彼は優しい青年だった。少し臆病だけれど、言うことにはきちんと芯が通っていた。
ゲームが好きでよく私も付き合わされた。彼は料理も得意で、私の代わりに手料理を振舞ってくれたこともある。
私が想像していたレイヴン像とはかけ離れた人だった。
レイヴンなんて向いていない。そう言ったこともあった。それでも彼はレイヴンをやめようとはしなかった。

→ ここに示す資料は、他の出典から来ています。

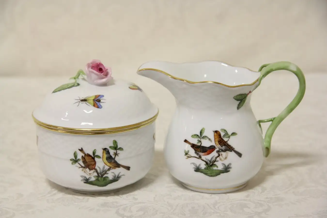 Famous hand painted and signed "Herend" china, this "Rothschild Bird" pattern covered sugar with rose and bird creamer measure 4" tall and 3 3/4" tall.

「俺は人殺しなんだよ。恨まれて当然の人間なんだ。だから、戦場で誰かに殺されないと割に合わないだろ?」
そう言ったとき、彼の手は震えていた。でも、私は彼のそんな強がりが嫌いではなかった。
彼の傍にいたい。そう思い始めたのはいつからだろう。
好きだ、と言葉にしたことはない。たとえ結ばれたとしても、彼はレイヴン。いつ死んでもおかしくない仕事だ。
最後に傷つくのは私。彼と一緒に幸せになりたい。そう思っても、叶うことはおそらくない。だから言い出せなかった。
胸がざわつくのがわかった。とても嫌な予感。電話はまだ繋がらない。
いてもたってもいられなくなった私は、彼の仕事場へと電話をかけた。
電話に出た男の人は、私の質問に丁寧に答えてくれた。
彼は昨日仕事で出発したらしく、帰ってくるのは二、三日後だろう、とその人は教えてくれた。
それを聞いた私は、彼の言っていたことがわかった気がした。
彼は、その仕事が自分にとっての最後の仕事になるとわかっていたのだ。
彼は逃げなかった。それが自分の責任だと思って、彼はそして向かっていったのだろう。
それを聞いたときから、私は暇さえあれば彼に電話をかけ続けた。
自分の仕事にも身が入らなかった。それでも、周囲に気づかれないよう気丈に振舞った。
彼からの電話を受け取ってからの三日間、私は電話を手放さなかった。
結果的にすべて繋がらなかったけれど、それでも私はやめなかった。
このまま終わりたくはなかった。このまま何も言えないことが、彼と二度と会えなくなることが、私には耐えられなかった。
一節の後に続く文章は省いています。